Rum can be made from sugar, sugar cane juice or molasses. But the variations don't stop there. Everything from the aging process to fermentation styles can vary, all of which affect the taste.

Here's a quick look at some of the types of rum:

White rum: As the blank canvas of the rums, white is ideal for complicated cocktails because it typically lacks overt flavor, although that's changing.

Gold rum: This amber-hued rum has a bolder flavor, because it's barrel-aged longer than white rum. Also great for rum-forward cocktails.

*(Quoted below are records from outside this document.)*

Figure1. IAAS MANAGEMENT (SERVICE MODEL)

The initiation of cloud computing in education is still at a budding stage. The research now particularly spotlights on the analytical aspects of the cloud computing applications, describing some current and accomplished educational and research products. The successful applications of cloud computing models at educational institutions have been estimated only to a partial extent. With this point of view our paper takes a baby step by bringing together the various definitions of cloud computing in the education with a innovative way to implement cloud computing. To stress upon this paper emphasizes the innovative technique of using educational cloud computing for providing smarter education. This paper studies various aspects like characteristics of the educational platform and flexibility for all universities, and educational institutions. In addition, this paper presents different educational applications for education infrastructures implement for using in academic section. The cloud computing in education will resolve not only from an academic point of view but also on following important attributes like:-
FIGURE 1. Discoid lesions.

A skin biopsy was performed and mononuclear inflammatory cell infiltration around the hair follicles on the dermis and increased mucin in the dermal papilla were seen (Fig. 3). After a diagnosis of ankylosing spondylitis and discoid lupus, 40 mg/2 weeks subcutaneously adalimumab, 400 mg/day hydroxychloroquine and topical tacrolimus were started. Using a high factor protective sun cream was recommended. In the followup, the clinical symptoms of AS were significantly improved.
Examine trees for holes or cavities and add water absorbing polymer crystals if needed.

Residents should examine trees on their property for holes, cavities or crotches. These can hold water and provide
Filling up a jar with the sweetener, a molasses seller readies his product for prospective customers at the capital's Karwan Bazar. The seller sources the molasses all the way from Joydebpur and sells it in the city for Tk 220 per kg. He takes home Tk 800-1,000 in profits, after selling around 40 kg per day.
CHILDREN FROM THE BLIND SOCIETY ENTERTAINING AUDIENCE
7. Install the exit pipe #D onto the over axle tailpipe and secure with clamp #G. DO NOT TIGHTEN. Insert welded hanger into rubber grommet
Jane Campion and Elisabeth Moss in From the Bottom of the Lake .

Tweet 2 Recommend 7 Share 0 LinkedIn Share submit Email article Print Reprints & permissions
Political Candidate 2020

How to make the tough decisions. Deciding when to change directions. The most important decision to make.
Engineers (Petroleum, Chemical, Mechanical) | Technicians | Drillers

Dark rum: This dark, rich rum gives a hint of the molasses that it's most often from. (There are demerara sugar versions, as well.) It's also called Navy rum, in a nod to 17th-century Royal Navy ships, on which sailors received a ration of rum.

Spiced rum: Spiced rum has been a popular drink since the 1980s, jazzed up with a variety of spices and flavors meant to reflect rum's tropical origins.

Rhum agricole: A French Caribbean Islands-style rum that's made with sugar cane juice instead of the traditional molasses.

Cachaça: Brazil's national spirit, a sugar cane rum with hints of grass and apple. Best known for its use in the popular cocktail, çaipirinha.

Aged rum: This top-of-the-class rum is meant to be enjoyed on its own — on the rocks or neat — just like an aged whiskey.